Islington Workshops Remediation Project

Project Overview

The 60 hectare Islington Workshop Site opened in 1882 as the main locomotive depot for Adelaide and until 1997 a wide variety of activities were carried out. Workshops which operated on the site included a foundry, electroplating shop, paint shop, blacksmith shop and numerous fabrication workshops. Industrial waste, including large quantities of friable asbestos generated from these operations, was dumped over the northern section of the site.

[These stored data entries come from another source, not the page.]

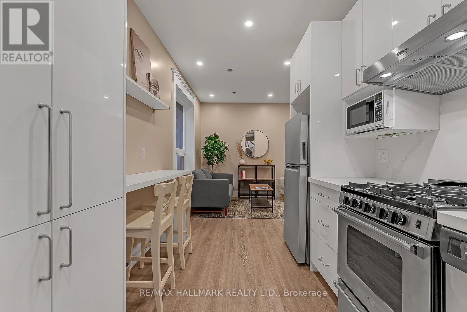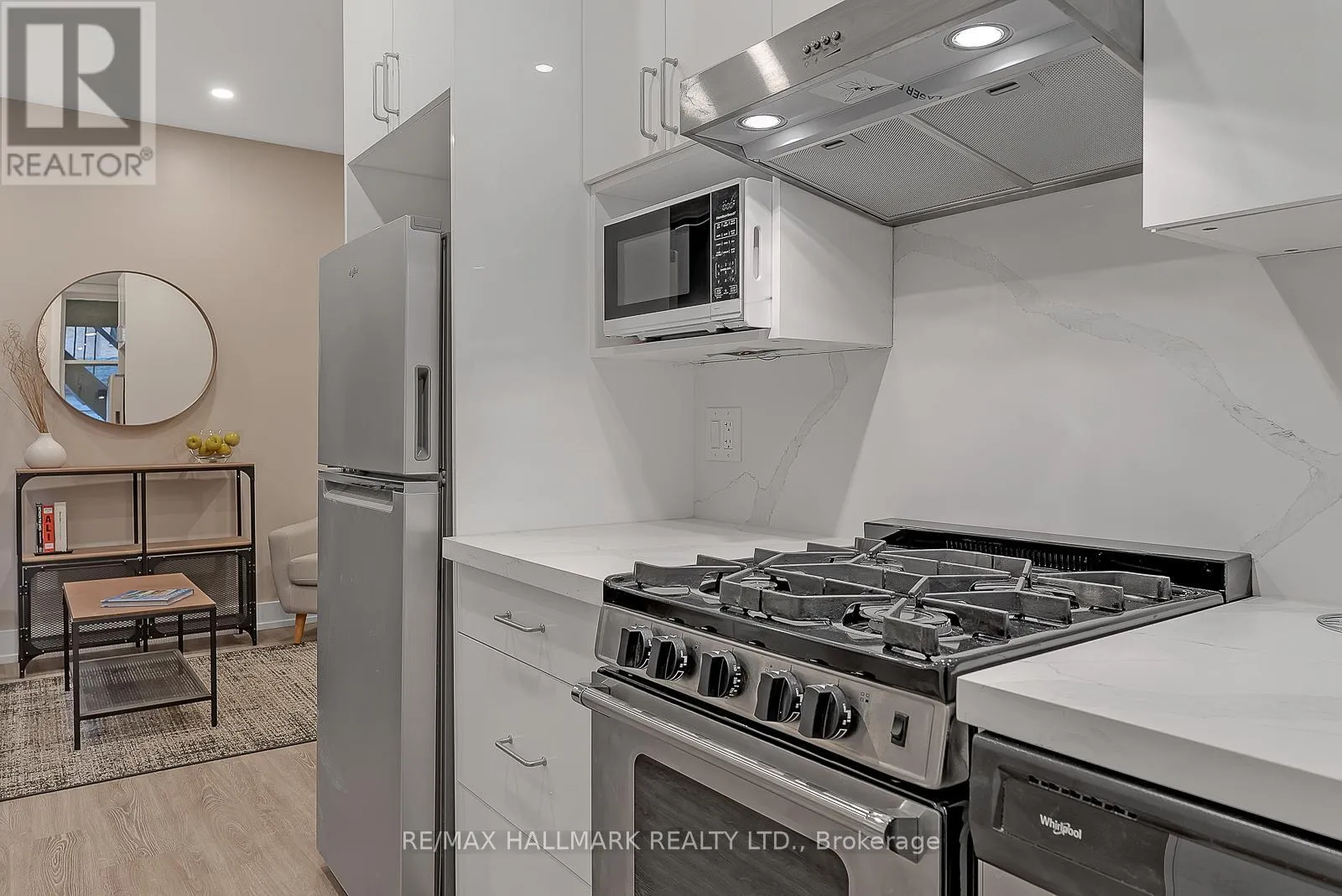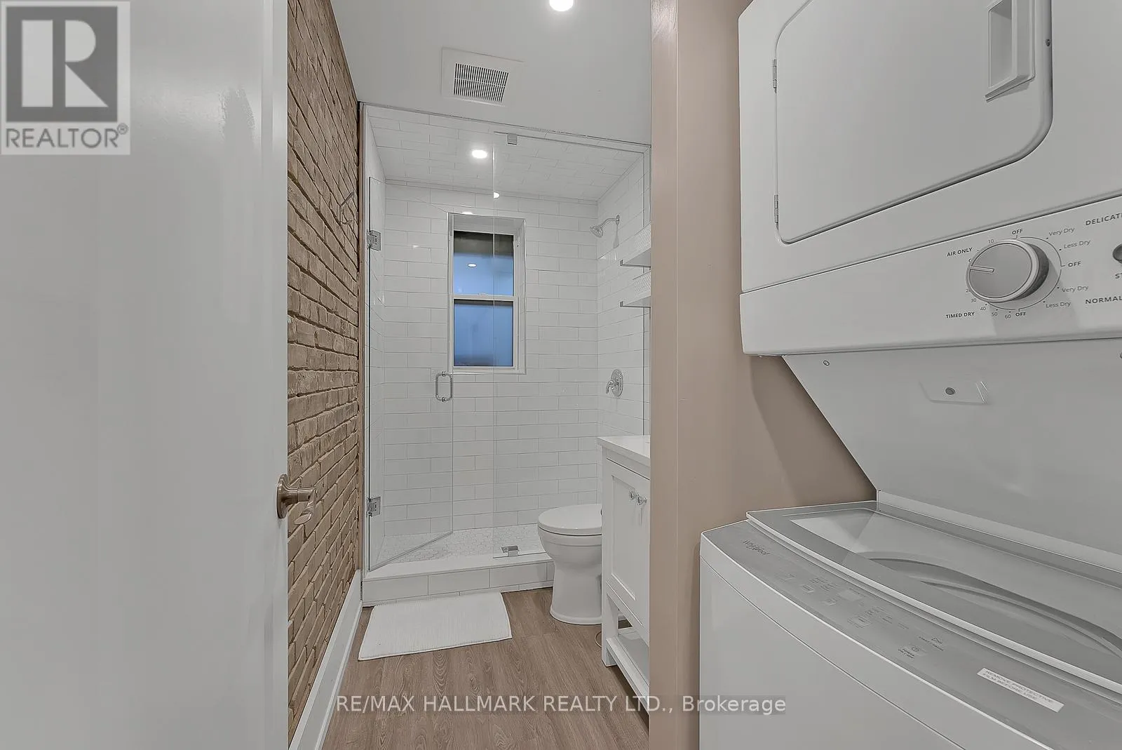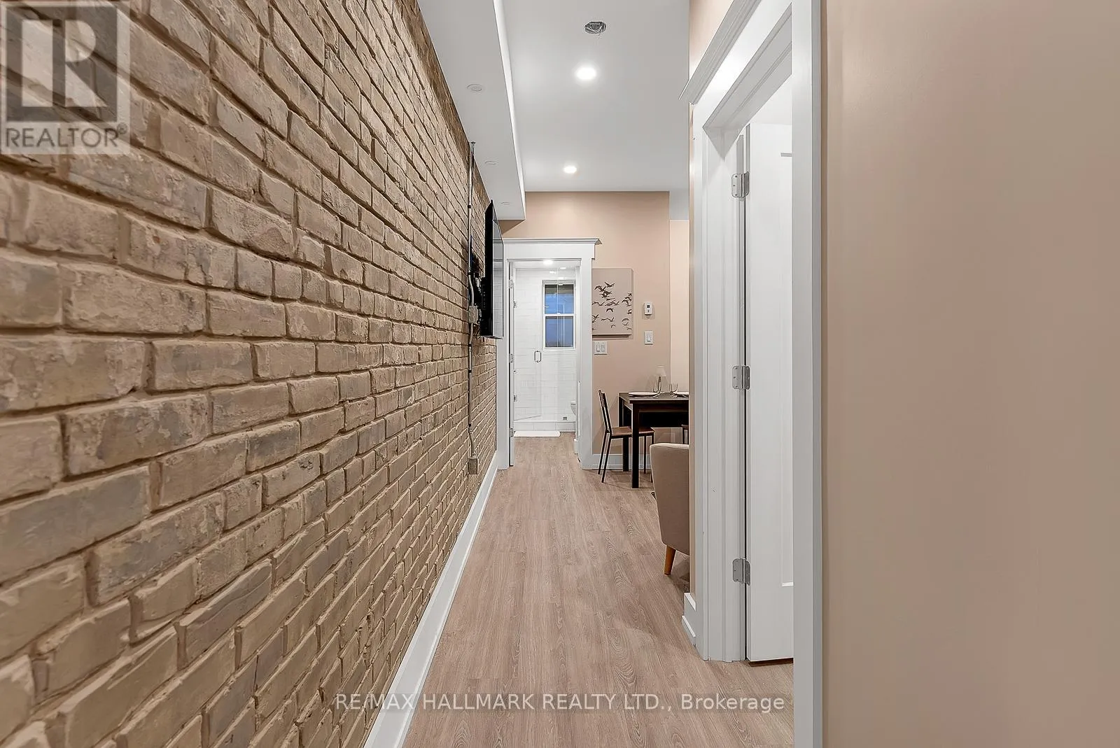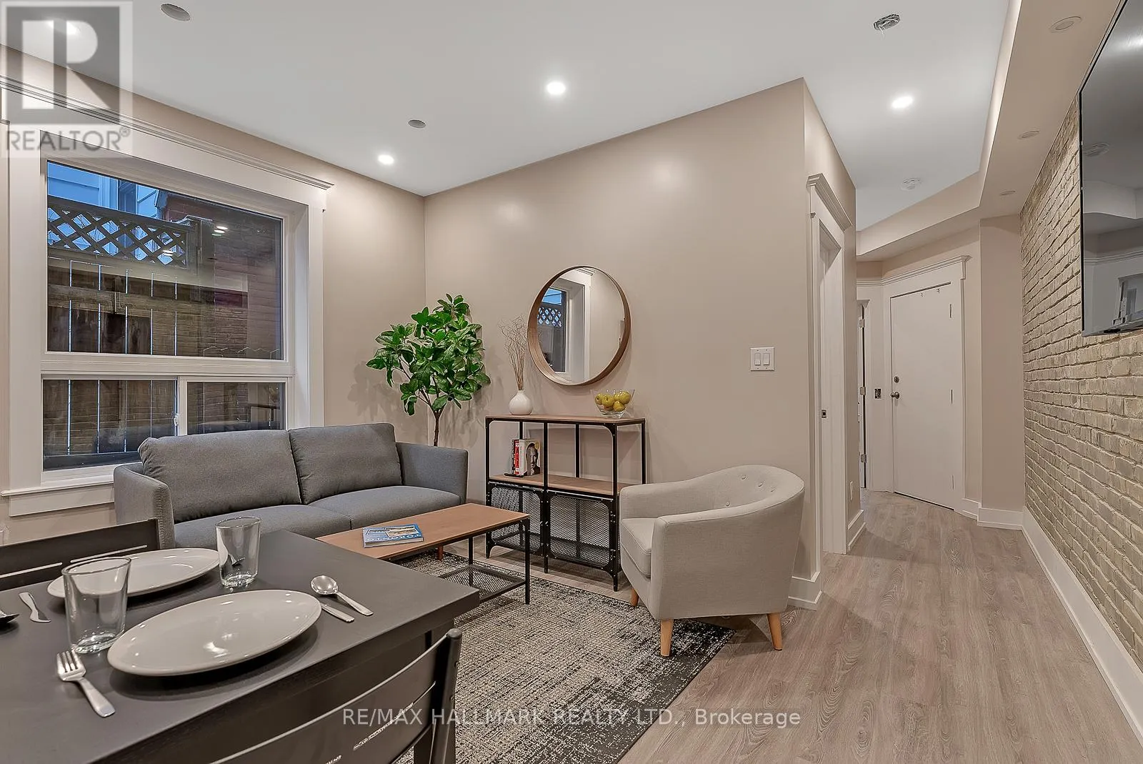 Sherbourne & Dundas St E A beautifully reimagined residence where modern design meets timeless character. This impeccably renovated ground level apartment sits within a unique, restored historic building and offers the perfect blend of style, comfort, and convenience - just steps to George Brown St. James Campus, TMU, and the Eaton Centre. 3D Virtual Tour Available. Inside, soaring 9+ ft ceilings, exposed brick throughout, and luxury vinyl plank flooring in every room create an inviting backdrop for the bright, open-concept living space. The apartment comes fully furnished, featuring a queen bed in the primary bedroom and a double bed in the second bedroom, along with Whirlpool stainless steel appliances, pot lights throughout, and carefully curated finishes.The home is also equipped with multiple security features, including secure buzzer entry, enhanced building access controls, and well-lit common areas for added peace of mind. Monthly cleaning service (excluding bedrooms) is included for truly effortless living. Enjoy shared outdoor space, with secured parking available for $100/month. High-speed in-suite internet is included for an additional $100. A rare opportunity to live in a refined historic setting with every urban convenience at your door. (id:27476)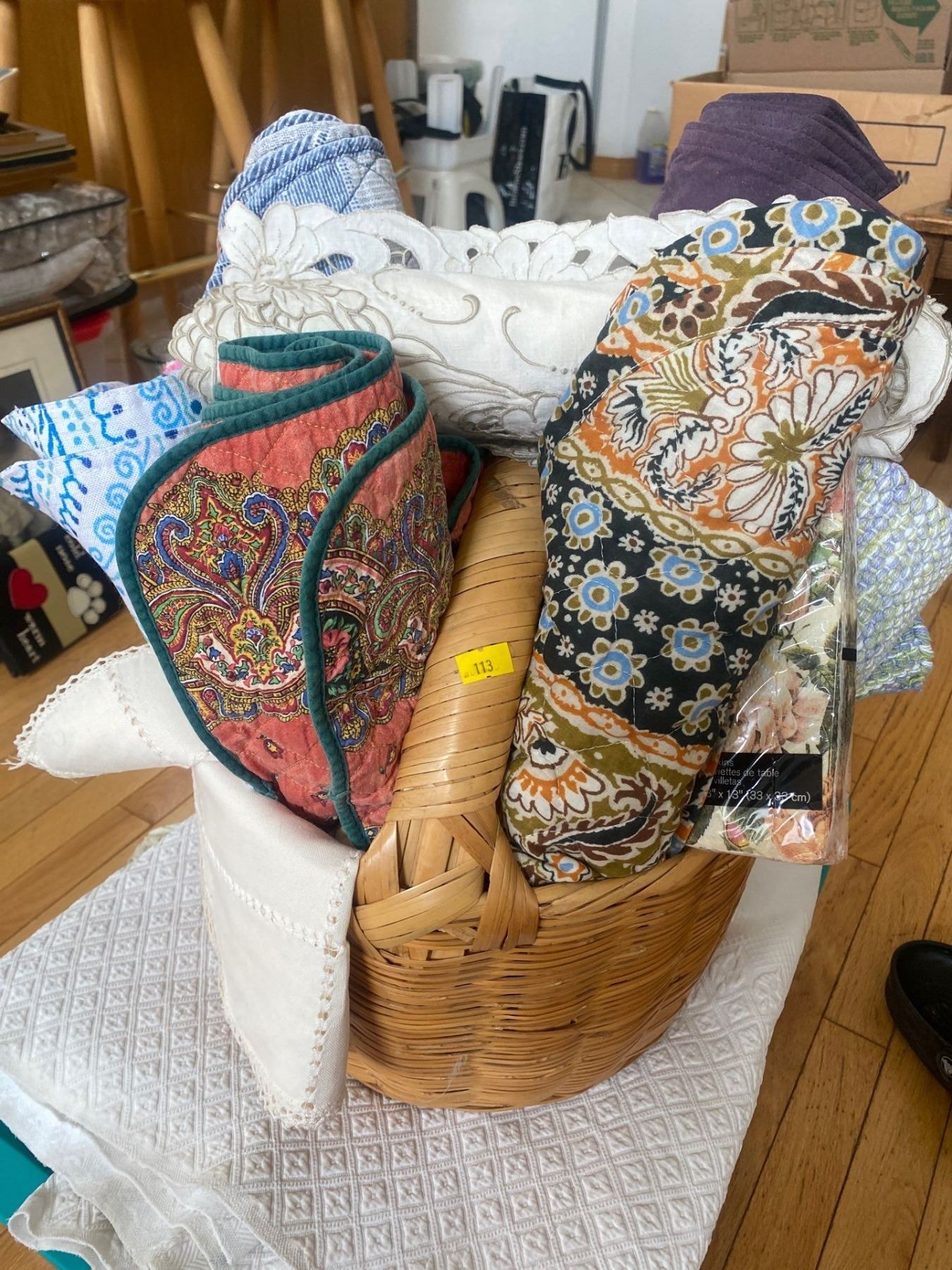 Basket of Beautiful Linens Made From Natural Fibers Alpaca Wool Blanket Hemp & More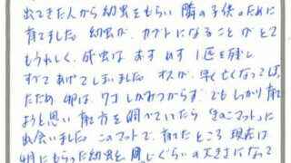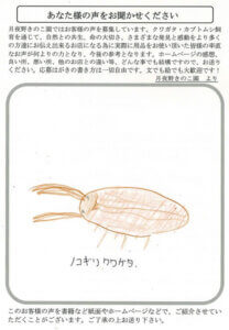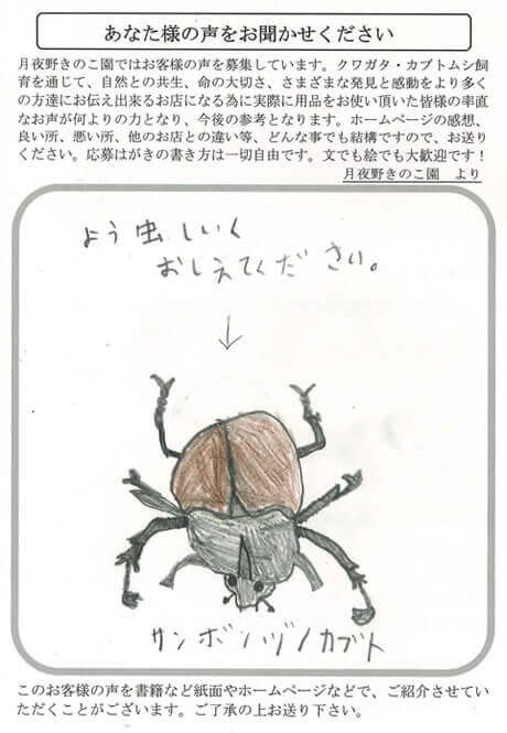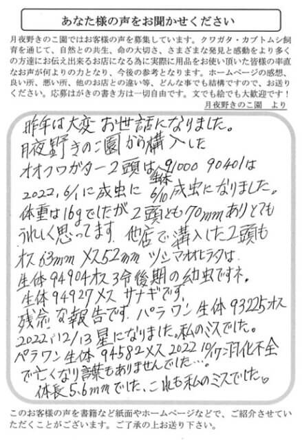 昨年は大変お世話になりました。月夜野きのこ園から購入したオオクワガタ2頭は生体91000・90401は、2022/6/1のに成虫に、6/10成虫になりました。体重は16gでしたが、2頭とも70mmあり、とてもうれしく思っています。他店で購入した2頭もオス63mm、メス52mm。ツシマオオヒラタ生体84804オス3令後期の幼虫ですネ。生体94927メス、サナギです。残念な報告です、パラワン生体93225オス、2022/12/3星になりました。私のミスでした。パラワン生体94582メス、2022/10/17羽化不全で亡くなり言葉もありませんでした…体長5.6mmでした、これも私にミスでした。

The contaminated site, which was directly adjacent to residential housing, was some 12 hectares in size. In addition to asbestos the landfill site also contained significant levels of heavy metals and hydrocarbons and other materials that exceeded safe levels for residential and industrial use.

These included:

  • Asbestos insulation, foundry wastes (sand and slag), electroplating wastes, waste oils, miscellaneous drummed materials, scrap metal and demolition rubble
  • Large quantities of friable asbestos (predominantly blue asbestos) Class 1 Carcinogen
  • Heavy metals (Cu, Pb, Zn, Cd, As)
  • Petroleum Hydrocarbons (localised)
  • Localised cyanide (drummed) and polyaromatic hydrocarbons

The once highly contaminated land, which posed potentially significant longterm health risks to the local community, is now full remediated. The site has been landscaped and handed over to the local council for use as a significant public park.

The solution of this project involved consolidation of the contaminated fill material on the site into a repository capped by a metre of clean soil on an area less than half of the footprint of the originally contaminated dump site. This is a safe, practical and cost-effective solution for a safe environment for nearby residents and workers.